- Problem to solve: Below, locate the line that contains "这是5月29日在印度阿萨姆邦瑙贡空旷的街头拍摄的流浪狗。". Repeat exactly from that line to the line that contains "Vlisová, jasně žlutá", inclusive, leaving out the pictures.

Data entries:
# # # # # # #
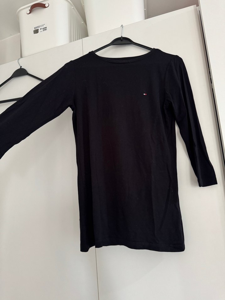 Siyah renkli, uzun kollu, yuvarlak yakalı hamile tişörtü, rahat kesim ve midi boyda, yumuşak keten kumaştan günlük kullanım için uygundur.
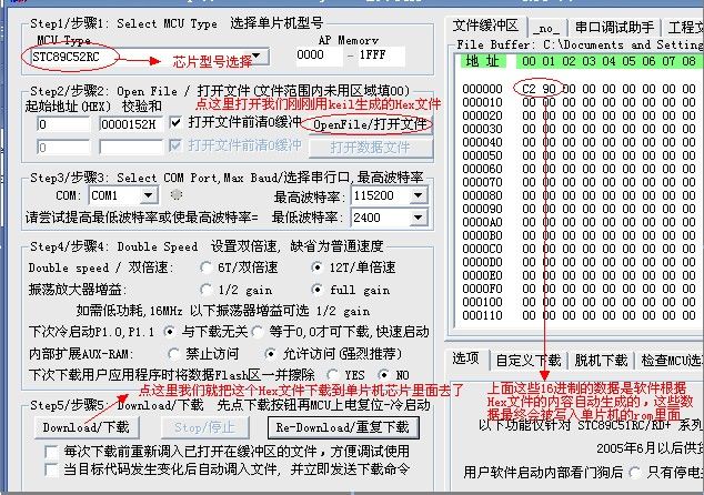 好了…… ,我们把 SETB P1.0 这条汇编语句用keil软件编译生成Hex文件,然后用图3所示的软件和图1所示的硬件(用串口连接电脑)下载到我们已经做好的电路板上的单片机芯片里去(图省事的话建议直接买个开发板),然后接通电源……什么?灯不亮?这就对了,因为我们写进去的指令就是让P10输出高电平,灯当然不亮,要是亮就错了。所以要将keil编缉区的内容改为CLR P1.0,重新编译生成Hex文件,重新下载,接电,好,灯亮了。因为我们写入的Hex就是让P10输出低电平的指令。这样我们看到,硬件电路的连线没有做任何改变,只要改变写入单片机中的内容,就能改变电路的输出效果。
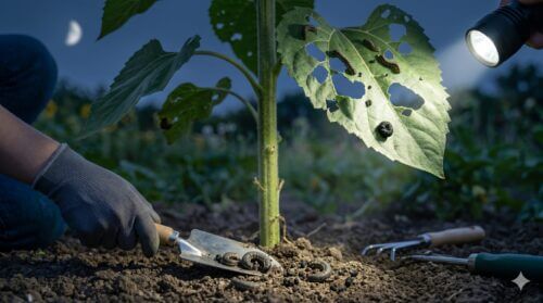 ヨトウムシが夜間に葉を食べる被害への対策
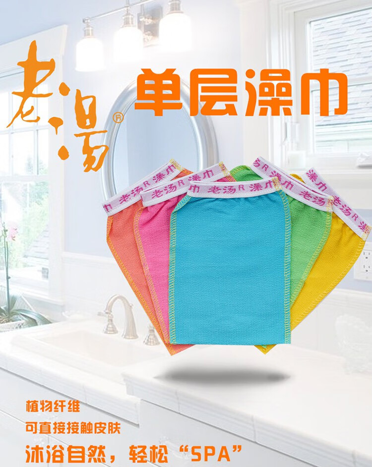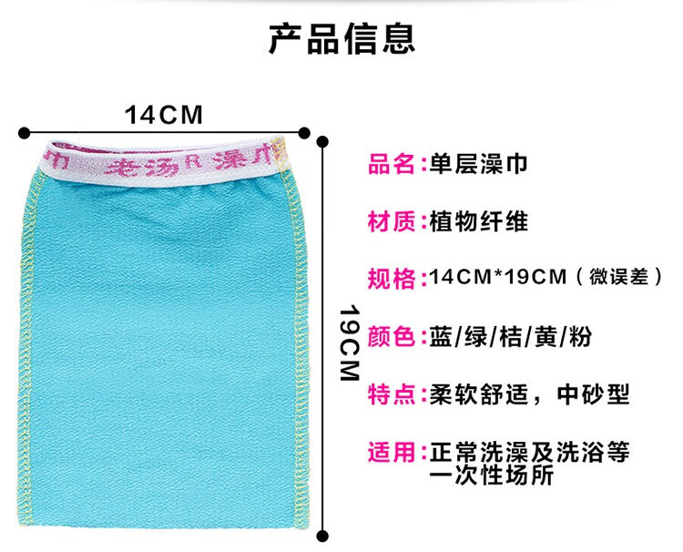 Bath towel, single-layer thin double-sided bath towel, strong mud rub and decontamination bath gloves, creative bath towel, five-piece Laotang single-layer medium-grit bath towel
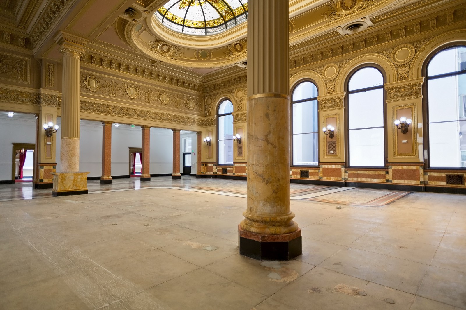 After being abandoned for more than a decade, this City of San Francisco Landmark was purchased by an entity dedicated to restoring the building to its former glory and to adapting it for assembly occupancy, which required that the unreinforced masonry structure satisfy applicable present-day seismic regulations. The vast majority of the interior and exterior of the building was rated as "very significant" by the historic structures report, which greatly limited the locations where structural interventions could occur.
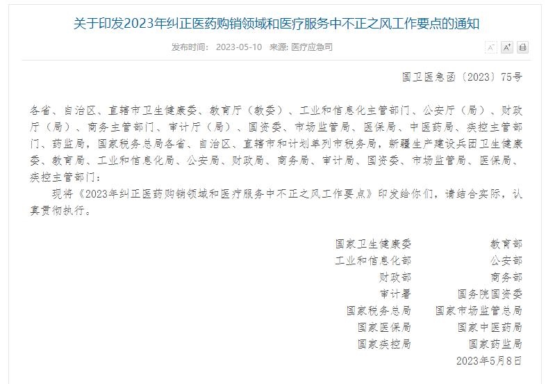 ·14部門聯(lián)合發(fā)文:糾正醫(yī)藥購(gòu)銷領(lǐng)域和醫(yī)療服務(wù)中不正之風(fēng)。
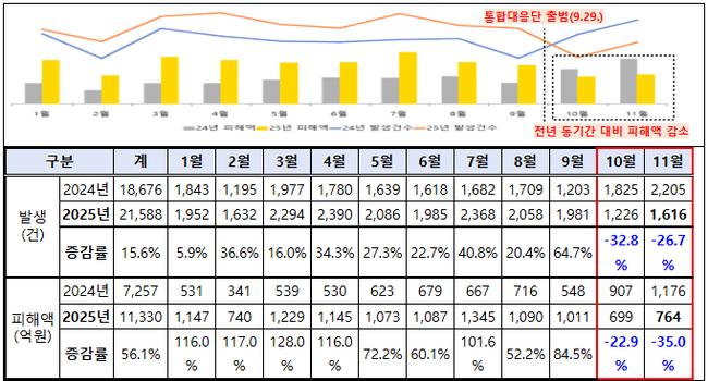 경찰청에 따르면 지난 9월 29일 통합대응단 출범 전까지 올해 보이스피싱 발생 건수와 피해액은 전년 대비 각각 28.0%, 90.7% 증가하며 급증세를 보였다. 그러나 출범 이후인 10~11월의 전년 동기간 통계에서는 뚜렷한 감소세가 나타났다. 10월 발생 건수는 32.8%, 피해액은 22.9% 줄었고, 11월에는 발생 건수 26.7%, 피해액 35.0% 감소가 확인됐다. 추석 연휴가 포함된 10월의 계절적 요인을 제외하더라도 11월의 감소가 이어지면서 대응 전략의 효과가 본격화됐다는 평가가 나온다.
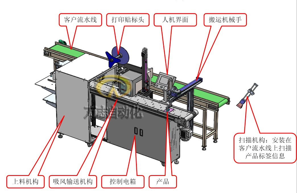 3.掃描槍掃描信息(xī)並傳回電腦,打印機打印(yìn)標簽,吸頭吸(xī)取標簽;傳感(gǎn)器檢測到產品到達貼(tiē)標位,貼標機(jī)械手進行貼標
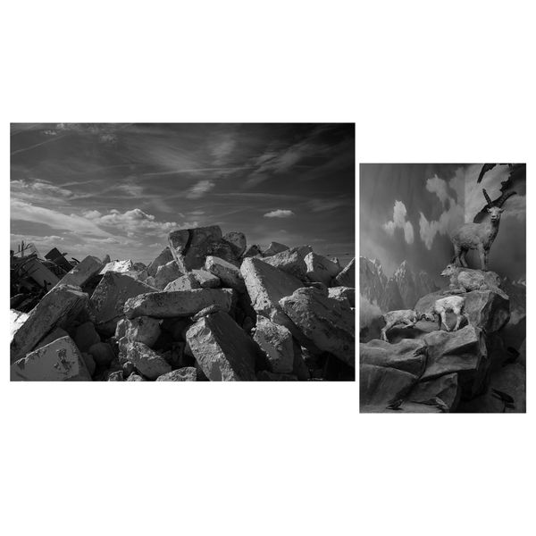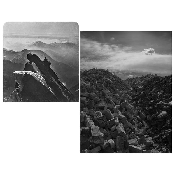 Equipped with these thoughts, the journey started. The camera's eye no longer shows the rubble; it presents the mountains, ascents and peaks. Combined with found imagery of climbers and alpinists, the story evolves. The pairs of images form a fictional adventure. It is a time travel back to childhood, its readings and stories, and the rediscovery of imagination. To quote German author Michael Ende: »Mehr Fantasie wagen« (»Dare more fantasy«).
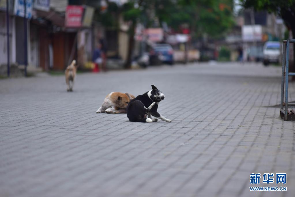 这是5月29日在印度阿萨姆邦瑙贡空旷的街头拍摄的流浪狗。
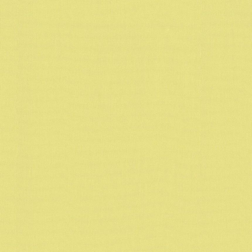 Vlisová, jasně žlutá tapeta s látkovou strukturou.
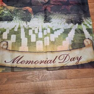 The Hamilton Collection Memorial Day Banner Flag is a multicolor, double-sided banner. Measuring 39" x 28.5", this flag is a patriotic and decorative addition to any yard, garden, or outdoor living space. Made in China, this banner pays tribute to American soldiers and is perfect for showing support and appreciation during Memorial Day or any time of year. Please note that the item is used and does have a stain on it. Please see the photos. Otherwise, it's in good condition. From a smoke-free environment.
# # # # # # #
- Expected answer:
 这是5月29日在印度阿萨姆邦瑙贡空旷的街头拍摄的流浪狗。
 Vlisová, jasně žlutá tapeta s látkovou strukturou.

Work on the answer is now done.